═══ Available data ═══
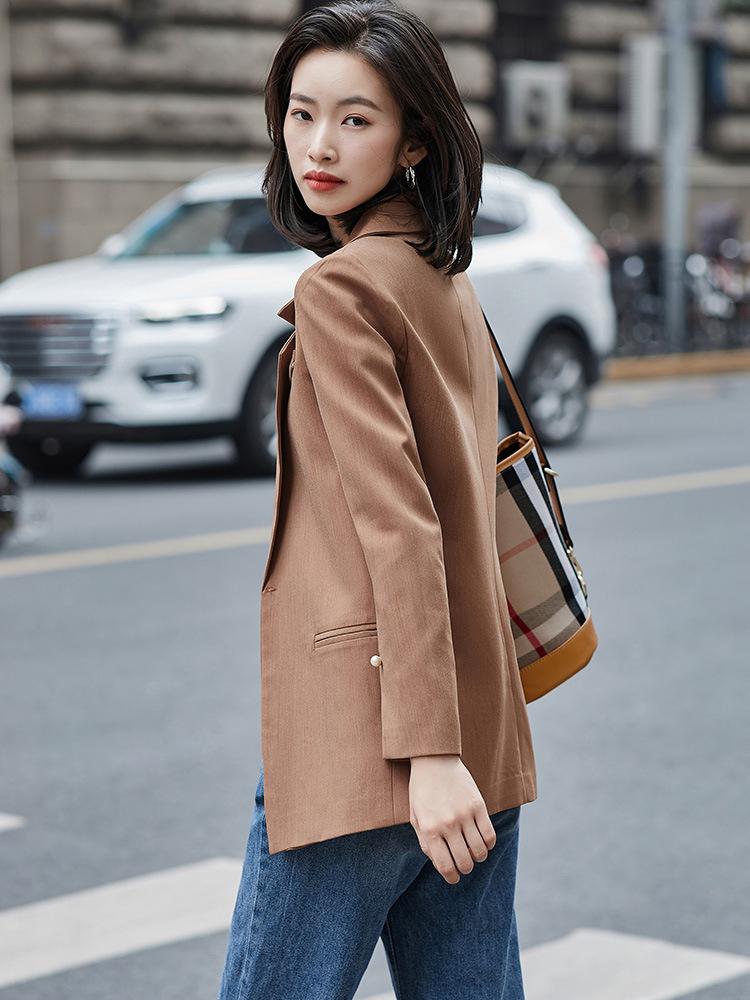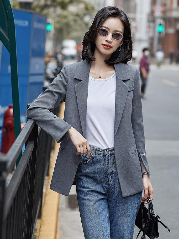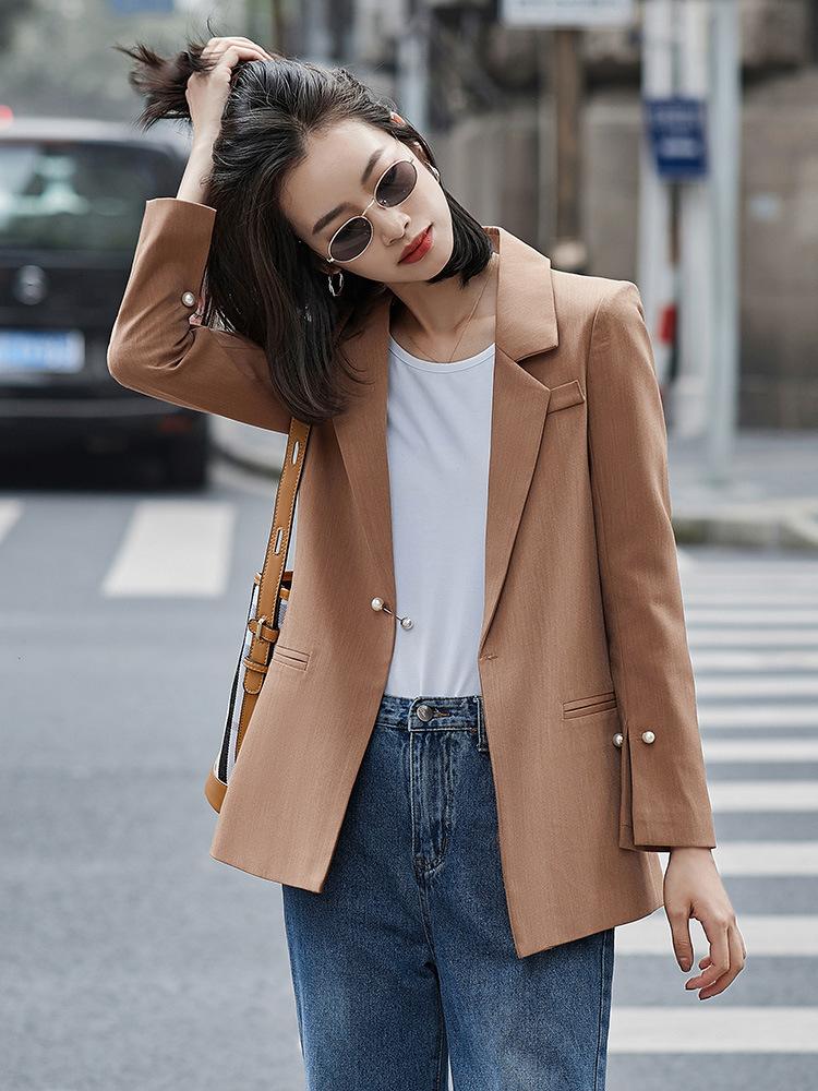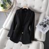Chaqueta de Traje de Calle Frita para Mujer Elegante Moda Drapeada Manga Larga Traje Pequeño para Mujer Profesional Coreano Holgado Otoño e Invierno Top
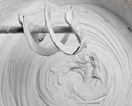 Технология традиционная. Изначально в емкость набирается нужное количество чистой воды температурой порядка 20ºС. После чего в нее погружается работающий миксер и постепенно досыпается сухая смесь. По консистенции готовая смесь должна напоминать густую сметану.
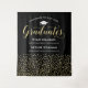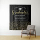 Celebrate two graduates in glamorous style with this black and gold graduation party backdrop! The design features "Congrats to Our Graduates" in shimmering gold script, a gold grad cap, and two personalized name and school fields above a cascade of gold confetti dots on a rich black background. Perfect for twins, siblings, or joint graduation celebrations. Customize all text for a stunning celebration centerpiece.
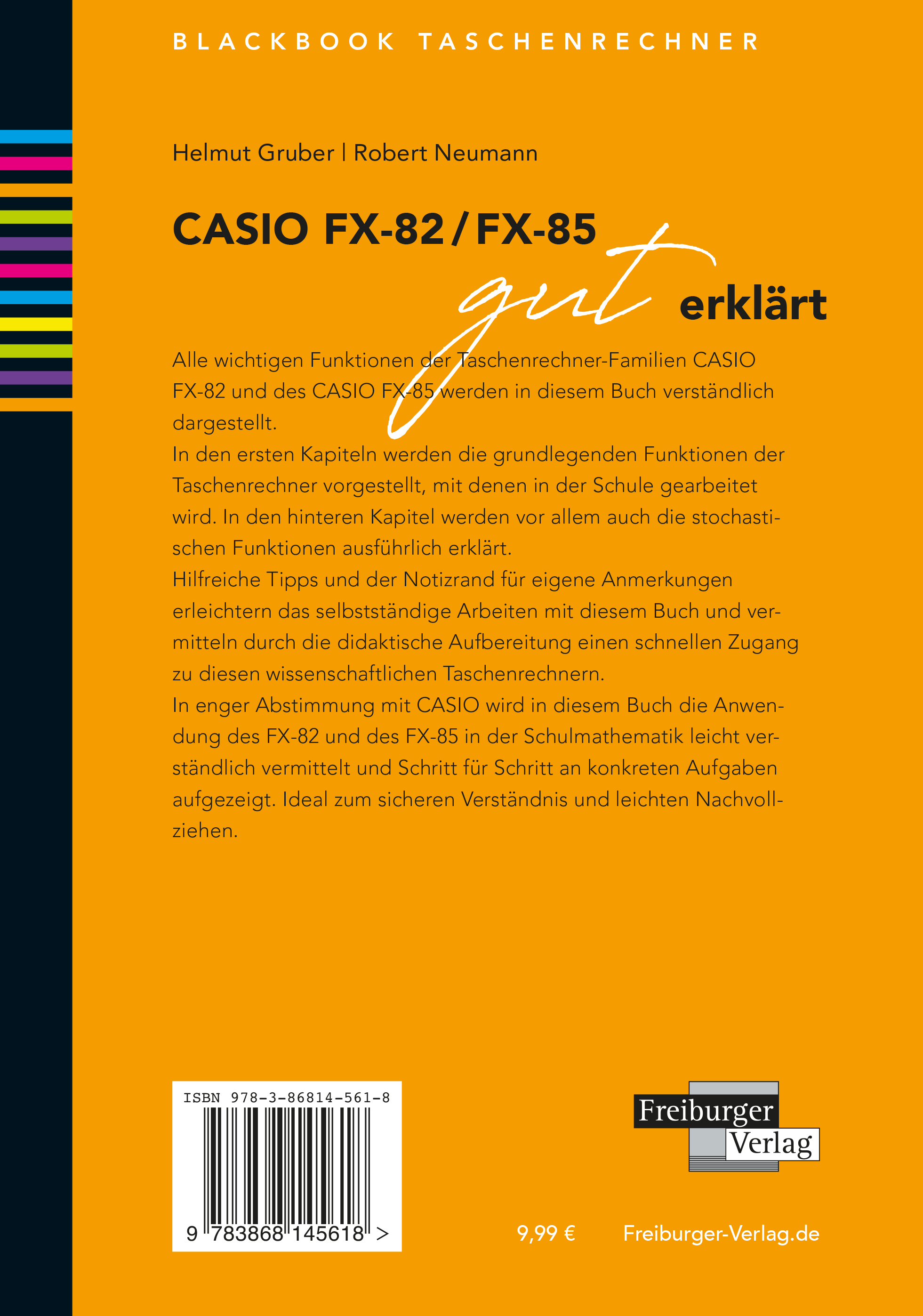 CASIO fx-82 / FX-85 gut erklärt Alle wichtigen Funktionen der Taschenrechner-Familien CASIO FX-82 und des CASIO FX-85 werden in diesem Buch verständlich dargestellt. In den ersten Kapiteln werden die grundlegenden Funktionen der Taschenrechner vorgestellt, mit denen in der Schule gearbeitet wird. In den hinteren Kapitel werden vor allem auch die stochastischen Funktionen ausführlich erklärt. Hilfreiche Tipps und der Notizrand für eigene Anmerkungen erleichtern das selbstständige Arbeiten mit diesem Buch und vermitteln durch die didaktische Aufbereitung einen schnellen Zugang zu diesen wissenschaftlichen Taschenrechnern. In enger Abstimmung mit CASIO wird in diesem Buch die Anwendung des FX-82 und des FX-85 in der Schulmathematik leicht verständlich vermittelt und Schritt für Schritt an konkreten Aufgaben aufgezeigt. Ideal zum sicheren Verständnis und leichten Nachvollziehen.
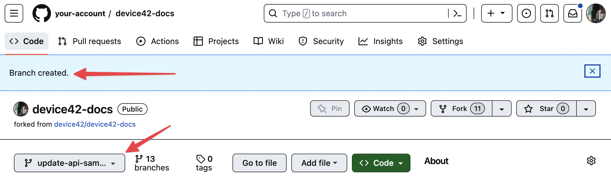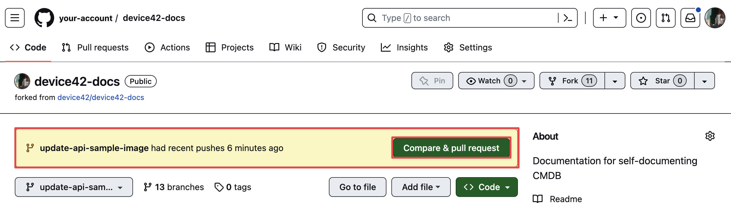 - Fork the Device42 repository OR navigate to your existing forked Device42 repository.
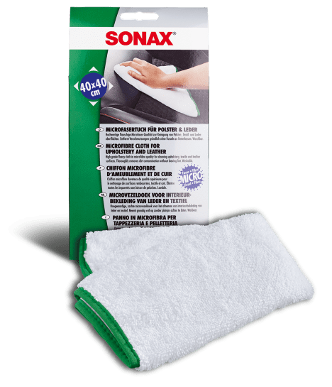 SONAX Microfiber cloth for upholstery + leather. Mikrošķiedra apšuvumiem un ādai. Kvalitatīva, pūkaina mikrošķiedras kvalitāte polsterējuma, tekstila un ādas virsmu tīrīšanai. Rūpīgi notīra netīrumus, neatstājot nevienu pūku. Ideāls papildinājums SONAX tīrīšanas līdzekļiem interjeram, polsterējumam un ādas virsmām: rūpīgi absorbē atlikušos netīrumus un nodrošina nevainojamu tīrību. Mazgājams. 1 gb.
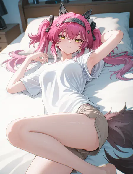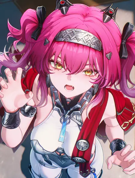 Lupa, pink hair, twintails, long hair, earrings, yellow eyes, hairband, red cape, armor, white bodysuit, sleeveless, high heel boots, wolf tails, masterpiece, best quality, amazing quality, very aesthetic, high resolution, ultra-detailed
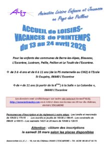 Inscriptions – Association ALEJ- vacances de Printemps 2026
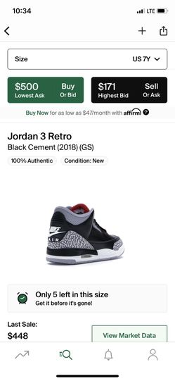 Black Cement 3s Size 5Y $250Jersey City, NJ
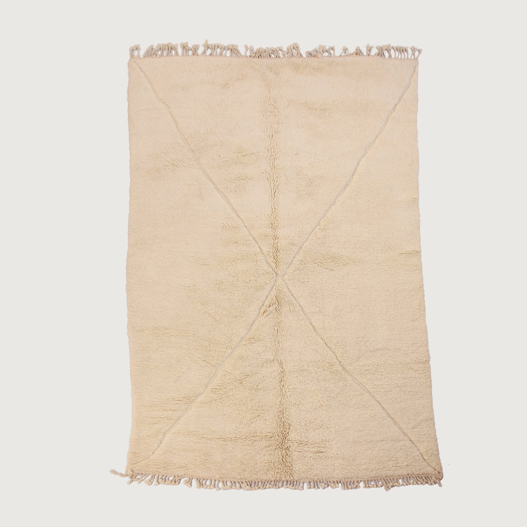 Handwoven in M’rirt, in the Middle Atlas Mountains of Morocco, this minimalist Beni Ourain rug embodies quiet elegance and timeless simplicity. Its soft natural ivory field is enhanced by a subtle raised diamond (lozenge) structure that forms a large, balanced X motif across the surface.
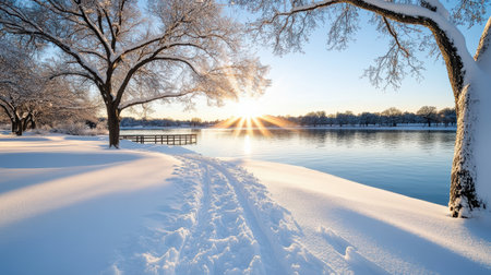 An enchanting snapshot ideal for nature and travel publications, seasonal greetings, or environmental awareness campaigns | This serene photograph showcases the tranquil beauty of a winter landscape, where the golden morning sun filters through a forest of snow-laden trees. The frosted branches bow gracefully under the weight of the snow, their white tips glistening against the soft glow of the sunrise. The sun's rays pierce the misty air, adding a warm, ethereal quality to the cool blue and white hues of the scene. A small, calm body of water reflects the forest and sunlight, enhancing the stillness of the early morning hour. The contrast between the chill of the snow and the warmth of the sunlight exemplifies the harmony of nature's elements. The softness of the snow-covered ground and the gentle arc of the trees' branches invite contemplation and a deep appreciation for the season's quiet beauty | Suited for use in contemplative and inspirational settings, such as meditation and wellness guides or as tranquil visuals in weather and climate change discussions. It also has potential as a captivating backdrop for holiday marketing, outdoor adventure promotion, or as a peaceful visual element for home and office decoration, attractive to nature lovers and photography enthusiasts | a stunning photo of a snowy scene in a forest with trees and a body of water, illuminated by sunrise and reflecting a mixture of calmness and vitality, with ample space for text or design elements
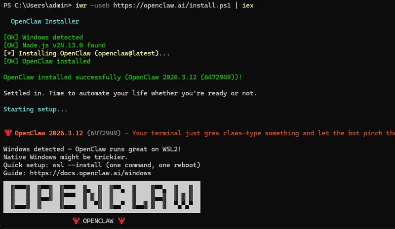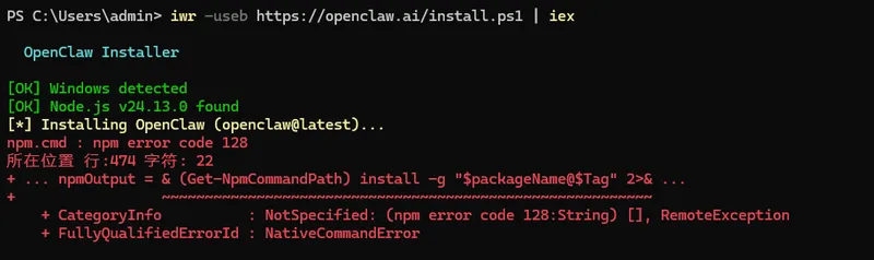 目前 openclaw 官网提供了两种命令来在 Windows 上安装,分别是 cmd 跟 powershell,我们这里使用 powershell 的方式来进行。之后再打开的应用中输入命令iwr -useb https://openclaw.ai/install.ps1 | iex来进行安装。
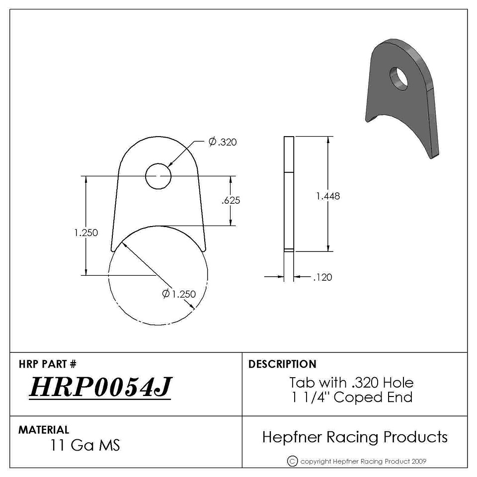 Tab, MS, 0.120" Thick x 0.320" Hole x 1.25 Dia Coped End
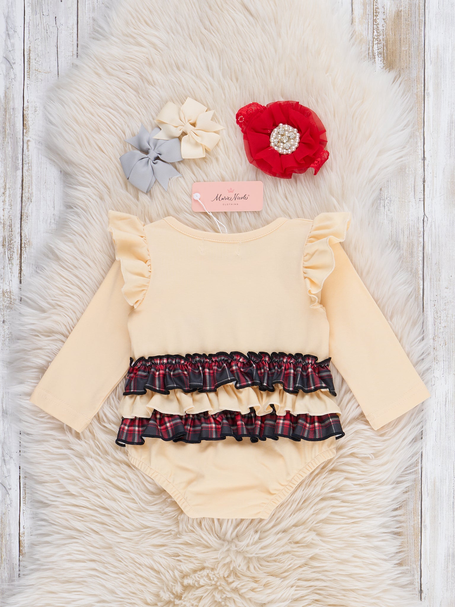 "Happy New Year" Plaid Embroidered Ruffle Romper
═══
Brief:
Here the job is to print all the entries above exactly, minus the images.

Written response:
Chaqueta de Traje de Calle Frita para Mujer Elegante Moda Drapeada Manga Larga Traje Pequeño para Mujer Profesional Coreano Holgado Otoño e Invierno Top
 Технология традиционная. Изначально в емкость набирается нужное количество чистой воды температурой порядка 20ºС. После чего в нее погружается работающий миксер и постепенно досыпается сухая смесь. По консистенции готовая смесь должна напоминать густую сметану.
 Celebrate two graduates in glamorous style with this black and gold graduation party backdrop! The design features "Congrats to Our Graduates" in shimmering gold script, a gold grad cap, and two personalized name and school fields above a cascade of gold confetti dots on a rich black background. Perfect for twins, siblings, or joint graduation celebrations. Customize all text for a stunning celebration centerpiece.
 CASIO fx-82 / FX-85 gut erklärt Alle wichtigen Funktionen der Taschenrechner-Familien CASIO FX-82 und des CASIO FX-85 werden in diesem Buch verständlich dargestellt. In den ersten Kapiteln werden die grundlegenden Funktionen der Taschenrechner vorgestellt, mit denen in der Schule gearbeitet wird. In den hinteren Kapitel werden vor allem auch die stochastischen Funktionen ausführlich erklärt. Hilfreiche Tipps und der Notizrand für eigene Anmerkungen erleichtern das selbstständige Arbeiten mit diesem Buch und vermitteln durch die didaktische Aufbereitung einen schnellen Zugang zu diesen wissenschaftlichen Taschenrechnern. In enger Abstimmung mit CASIO wird in diesem Buch die Anwendung des FX-82 und des FX-85 in der Schulmathematik leicht verständlich vermittelt und Schritt für Schritt an konkreten Aufgaben aufgezeigt. Ideal zum sicheren Verständnis und leichten Nachvollziehen.
 - Fork the Device42 repository OR navigate to your existing forked Device42 repository.
 SONAX Microfiber cloth for upholstery + leather. Mikrošķiedra apšuvumiem un ādai. Kvalitatīva, pūkaina mikrošķiedras kvalitāte polsterējuma, tekstila un ādas virsmu tīrīšanai. Rūpīgi notīra netīrumus, neatstājot nevienu pūku. Ideāls papildinājums SONAX tīrīšanas līdzekļiem interjeram, polsterējumam un ādas virsmām: rūpīgi absorbē atlikušos netīrumus un nodrošina nevainojamu tīrību. Mazgājams. 1 gb.
 Lupa, pink hair, twintails, long hair, earrings, yellow eyes, hairband, red cape, armor, white bodysuit, sleeveless, high heel boots, wolf tails, masterpiece, best quality, amazing quality, very aesthetic, high resolution, ultra-detailed
 Inscriptions – Association ALEJ- vacances de Printemps 2026
 Black Cement 3s Size 5Y $250Jersey City, NJ
 Handwoven in M’rirt, in the Middle Atlas Mountains of Morocco, this minimalist Beni Ourain rug embodies quiet elegance and timeless simplicity. Its soft natural ivory field is enhanced by a subtle raised diamond (lozenge) structure that forms a large, balanced X motif across the surface.
 An enchanting snapshot ideal for nature and travel publications, seasonal greetings, or environmental awareness campaigns | This serene photograph showcases the tranquil beauty of a winter landscape, where the golden morning sun filters through a forest of snow-laden trees. The frosted branches bow gracefully under the weight of the snow, their white tips glistening against the soft glow of the sunrise. The sun's rays pierce the misty air, adding a warm, ethereal quality to the cool blue and white hues of the scene. A small, calm body of water reflects the forest and sunlight, enhancing the stillness of the early morning hour. The contrast between the chill of the snow and the warmth of the sunlight exemplifies the harmony of nature's elements. The softness of the snow-covered ground and the gentle arc of the trees' branches invite contemplation and a deep appreciation for the season's quiet beauty | Suited for use in contemplative and inspirational settings, such as meditation and wellness guides or as tranquil visuals in weather and climate change discussions. It also has potential as a captivating backdrop for holiday marketing, outdoor adventure promotion, or as a peaceful visual element for home and office decoration, attractive to nature lovers and photography enthusiasts | a stunning photo of a snowy scene in a forest with trees and a body of water, illuminated by sunrise and reflecting a mixture of calmness and vitality, with ample space for text or design elements
 目前 openclaw 官网提供了两种命令来在 Windows 上安装,分别是 cmd 跟 powershell,我们这里使用 powershell 的方式来进行。之后再打开的应用中输入命令iwr -useb https://openclaw.ai/install.ps1 | iex来进行安装。
 Tab, MS, 0.120" Thick x 0.320" Hole x 1.25 Dia Coped End
 "Happy New Year" Plaid Embroidered Ruffle Romper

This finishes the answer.